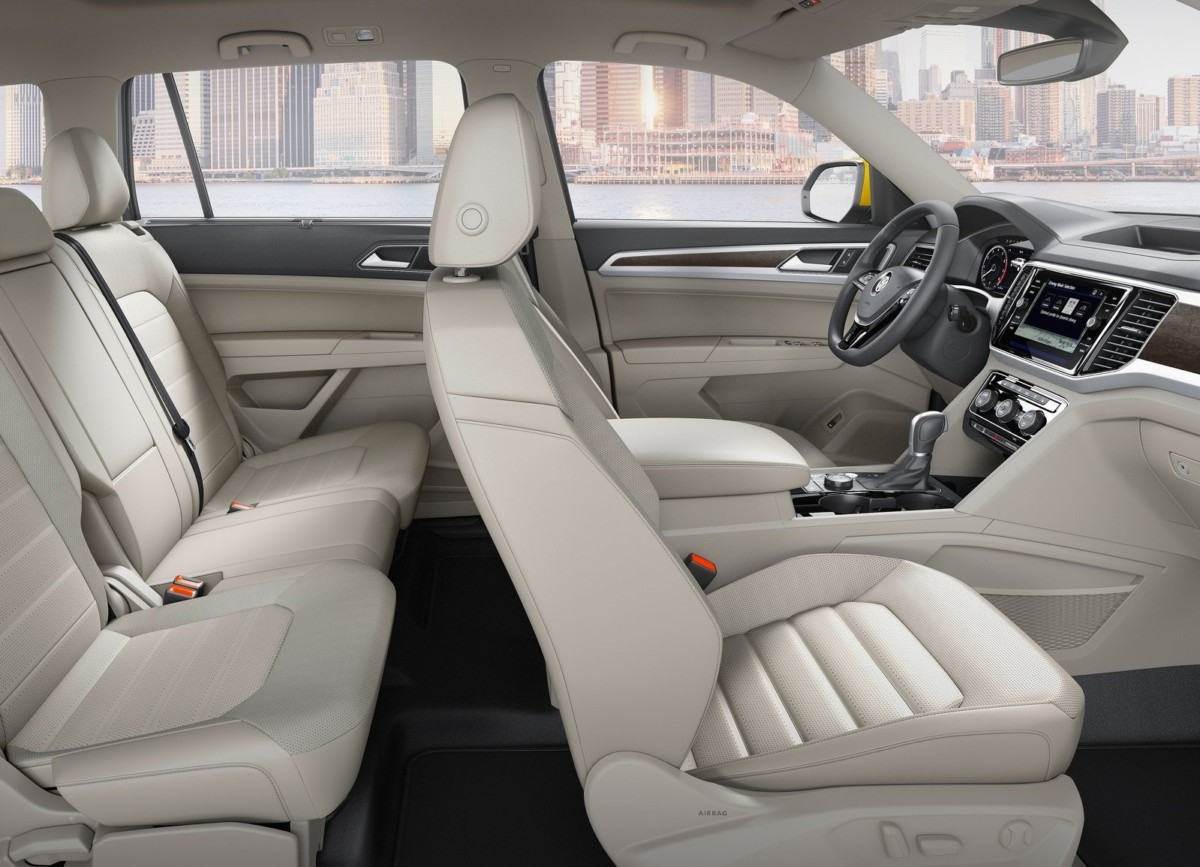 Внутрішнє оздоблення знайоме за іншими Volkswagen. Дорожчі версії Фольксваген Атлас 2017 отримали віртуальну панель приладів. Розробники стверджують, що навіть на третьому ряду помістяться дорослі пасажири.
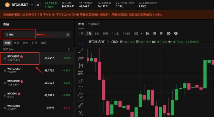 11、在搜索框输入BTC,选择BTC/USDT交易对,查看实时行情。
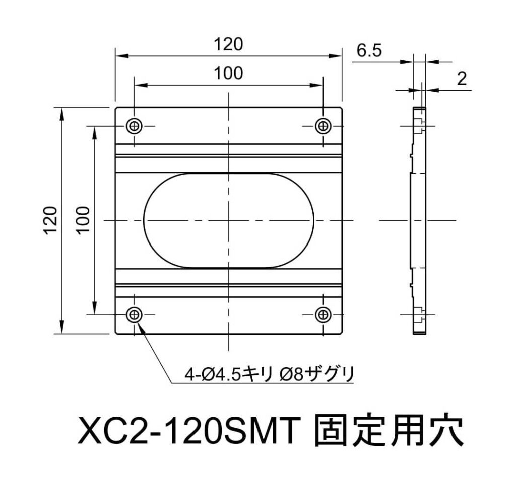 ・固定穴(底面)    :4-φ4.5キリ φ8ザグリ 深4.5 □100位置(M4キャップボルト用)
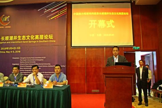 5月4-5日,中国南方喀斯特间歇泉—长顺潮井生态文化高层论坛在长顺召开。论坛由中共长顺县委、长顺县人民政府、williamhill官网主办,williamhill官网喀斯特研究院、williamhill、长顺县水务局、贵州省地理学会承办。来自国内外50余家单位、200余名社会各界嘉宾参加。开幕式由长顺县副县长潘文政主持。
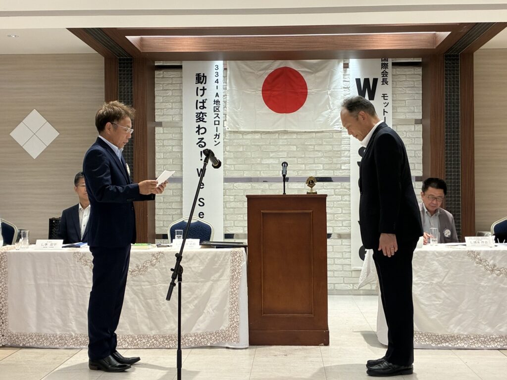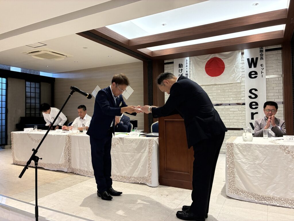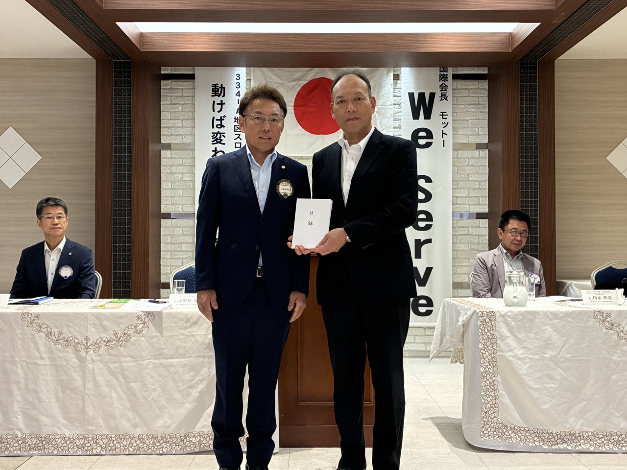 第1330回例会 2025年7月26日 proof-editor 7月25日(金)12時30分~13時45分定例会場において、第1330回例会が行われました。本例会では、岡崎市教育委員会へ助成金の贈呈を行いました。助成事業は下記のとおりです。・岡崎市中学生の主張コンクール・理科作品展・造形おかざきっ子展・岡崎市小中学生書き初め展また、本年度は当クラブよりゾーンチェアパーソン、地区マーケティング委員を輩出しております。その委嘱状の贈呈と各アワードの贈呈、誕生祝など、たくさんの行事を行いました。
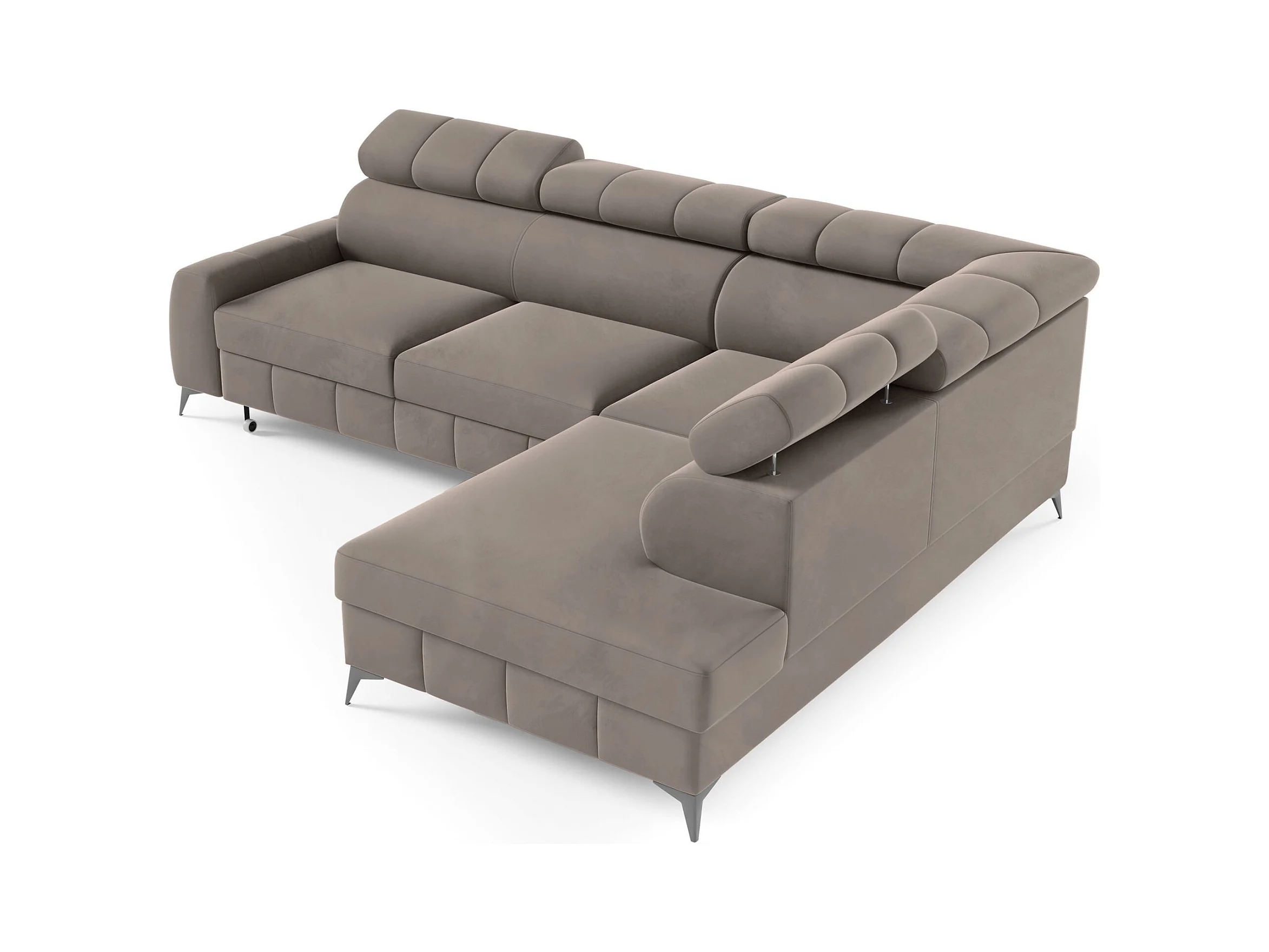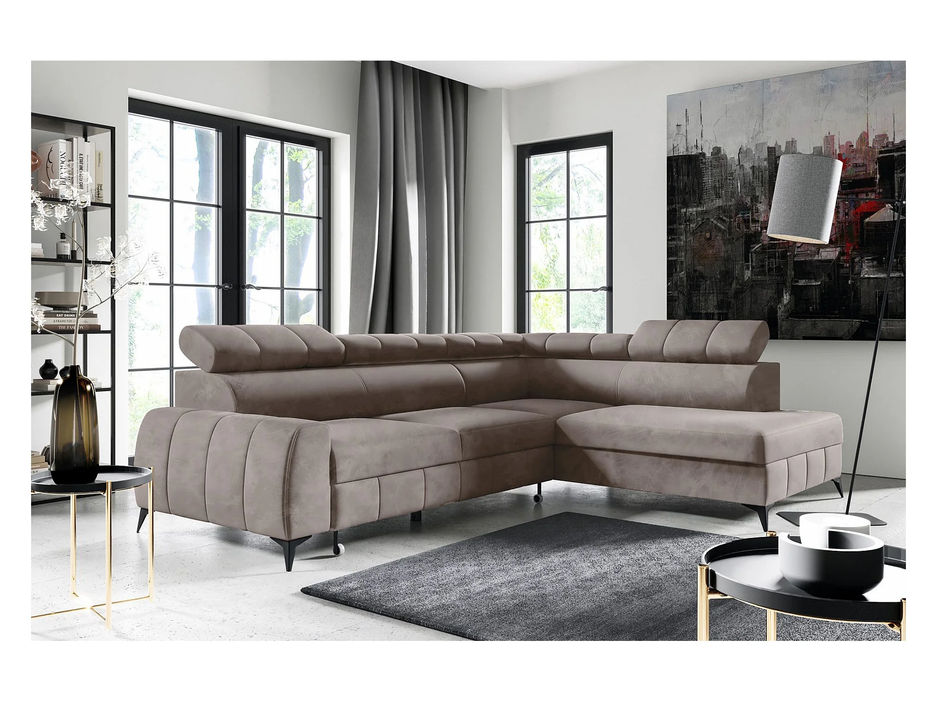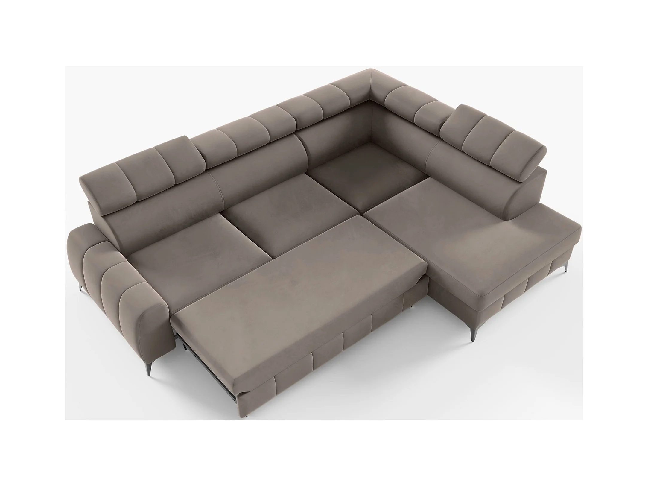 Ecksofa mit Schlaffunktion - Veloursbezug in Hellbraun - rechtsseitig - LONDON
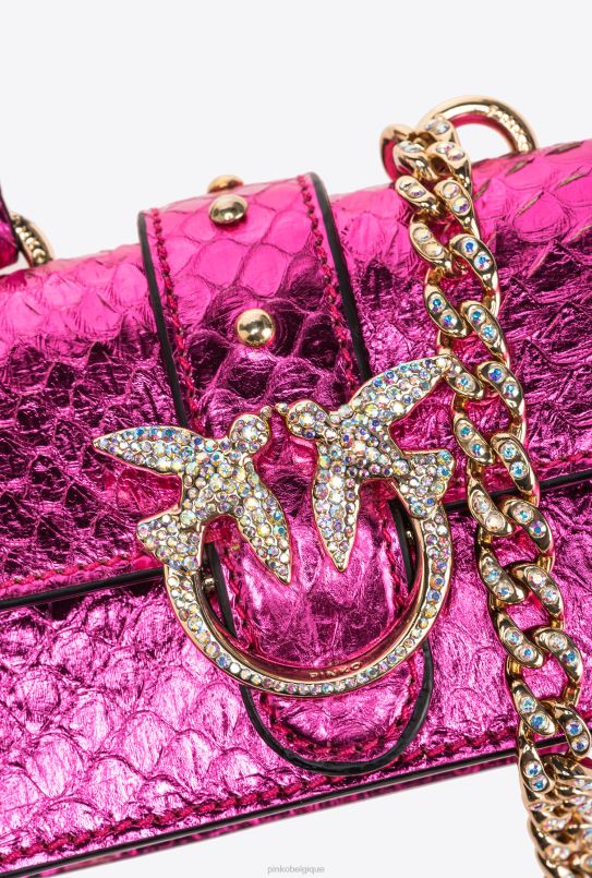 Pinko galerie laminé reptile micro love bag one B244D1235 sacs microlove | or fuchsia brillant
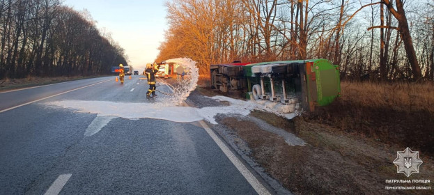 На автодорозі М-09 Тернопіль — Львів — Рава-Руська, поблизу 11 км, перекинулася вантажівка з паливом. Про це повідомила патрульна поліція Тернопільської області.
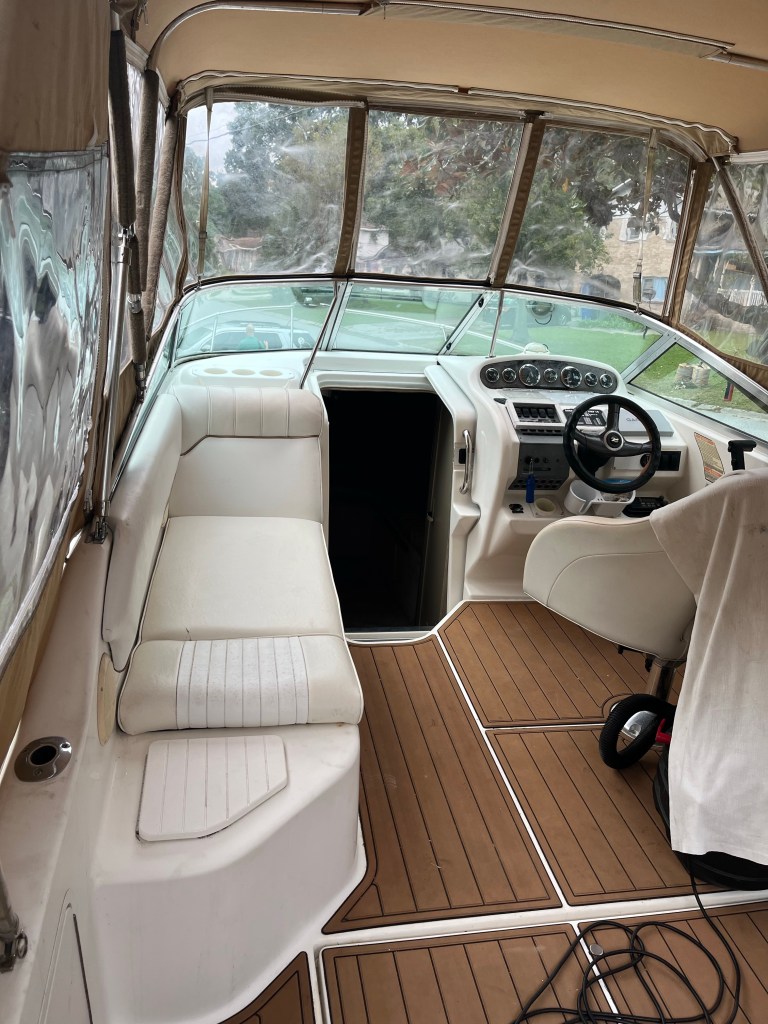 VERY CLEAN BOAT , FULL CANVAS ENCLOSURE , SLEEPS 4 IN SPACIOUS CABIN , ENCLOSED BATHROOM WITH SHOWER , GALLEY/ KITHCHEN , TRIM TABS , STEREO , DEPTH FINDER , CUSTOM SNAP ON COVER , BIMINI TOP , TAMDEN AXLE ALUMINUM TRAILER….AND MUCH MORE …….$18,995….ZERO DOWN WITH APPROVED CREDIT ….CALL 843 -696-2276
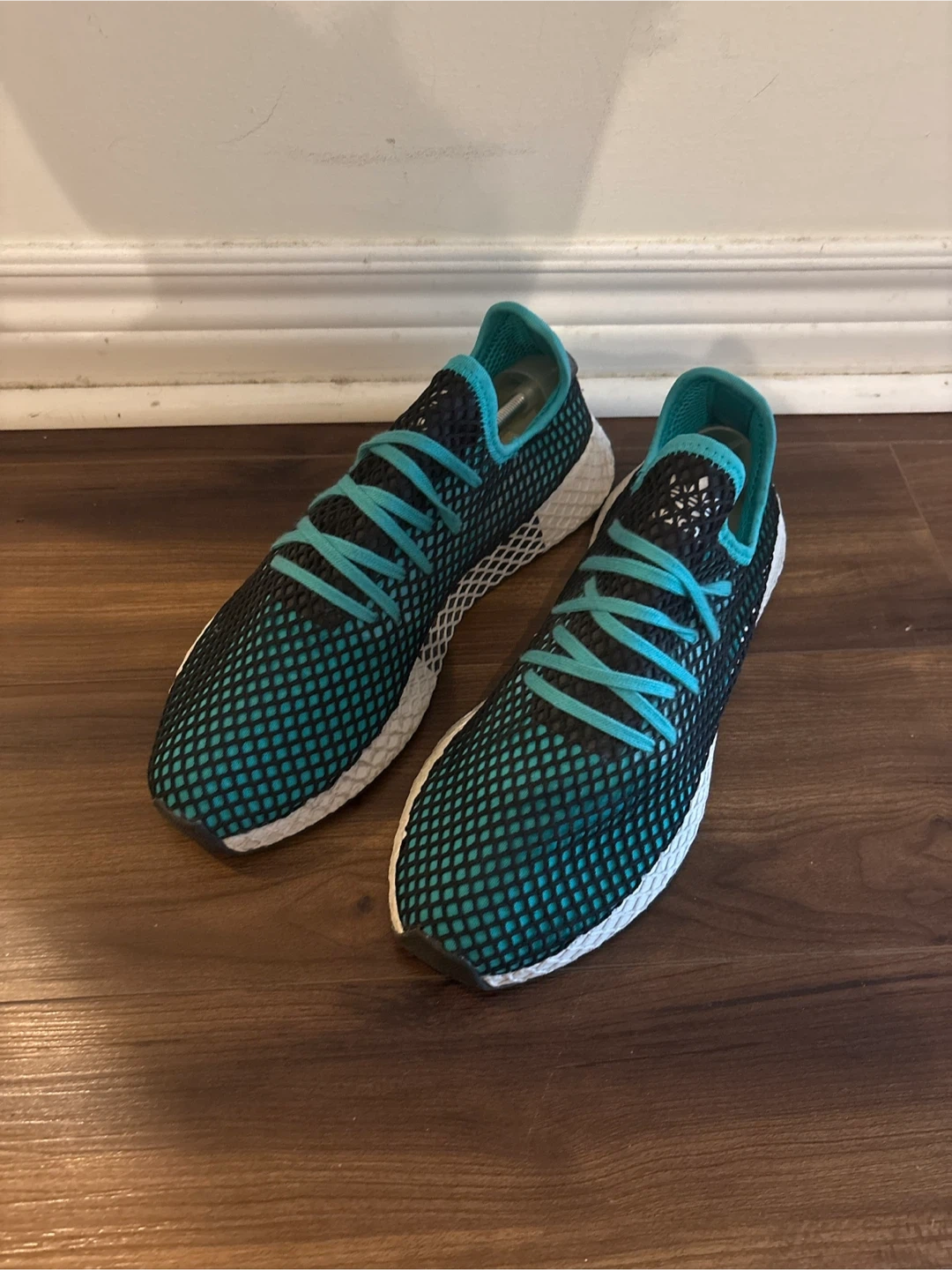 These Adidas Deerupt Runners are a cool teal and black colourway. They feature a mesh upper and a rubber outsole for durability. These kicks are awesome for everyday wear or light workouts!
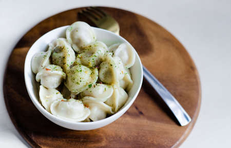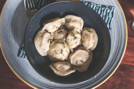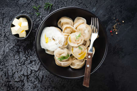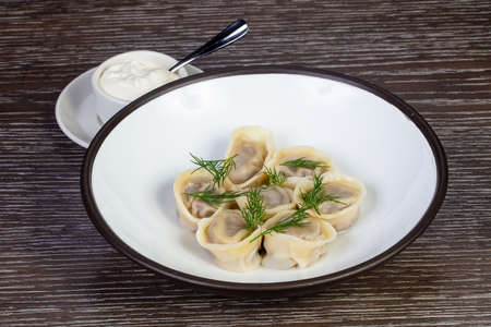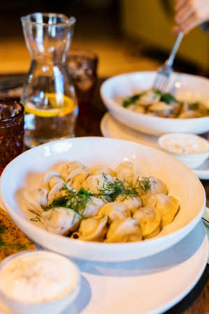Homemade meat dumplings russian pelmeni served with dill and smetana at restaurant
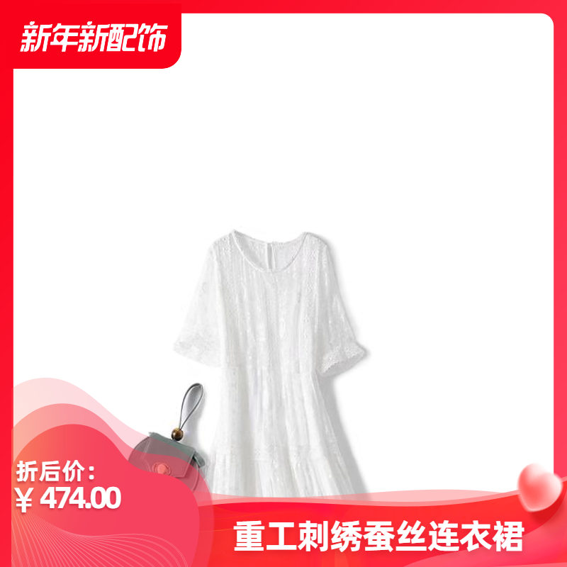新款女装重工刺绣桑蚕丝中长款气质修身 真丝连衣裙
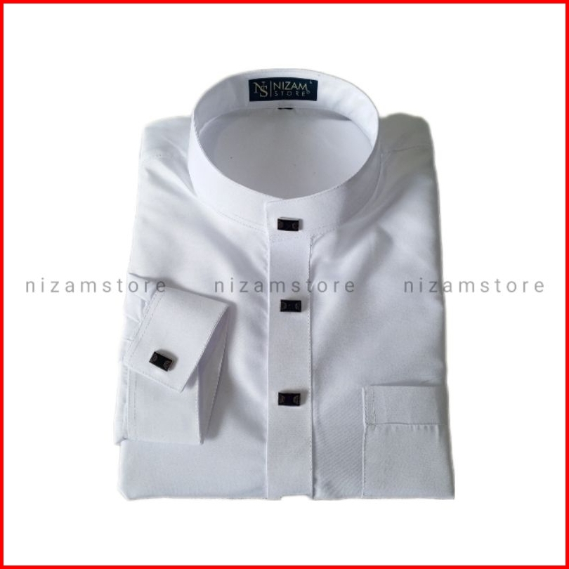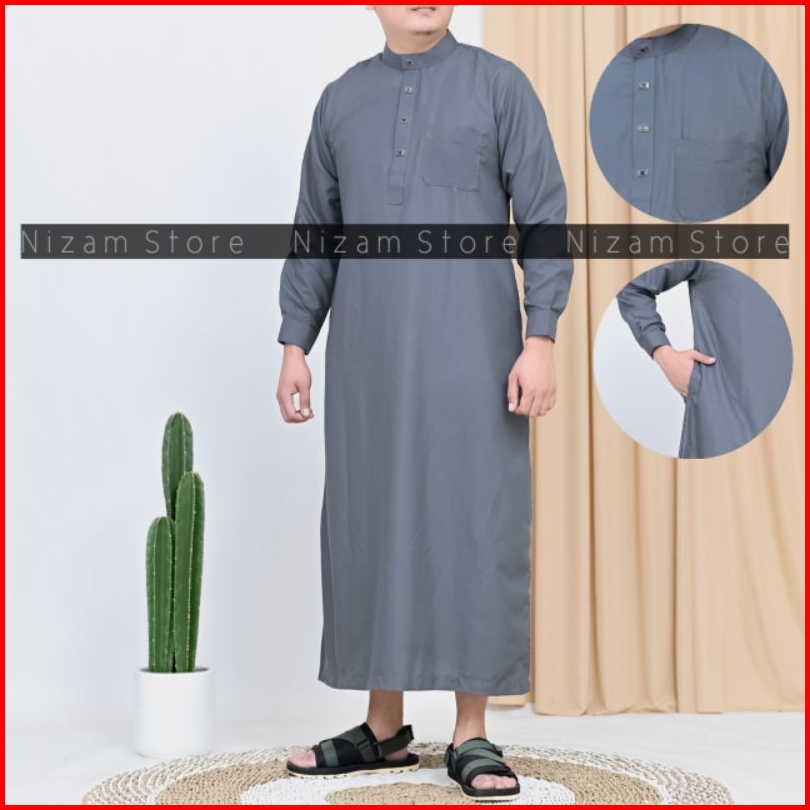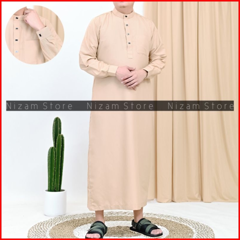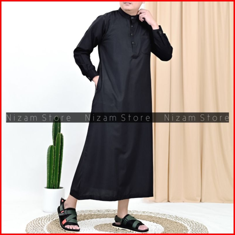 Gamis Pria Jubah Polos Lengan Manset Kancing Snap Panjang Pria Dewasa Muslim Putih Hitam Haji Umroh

++++++

- **Work required**:
Begin with the line holding "新款女装重工刺绣桑蚕丝中长款气质修身 真丝连衣裙" and end with the last line of the listing. Reproduce each of those lines exactly, and leave every picture out.

- **Exercise answer**:
新款女装重工刺绣桑蚕丝中长款气质修身 真丝连衣裙
 Gamis Pria Jubah Polos Lengan Manset Kancing Snap Panjang Pria Dewasa Muslim Putih Hitam Haji Umroh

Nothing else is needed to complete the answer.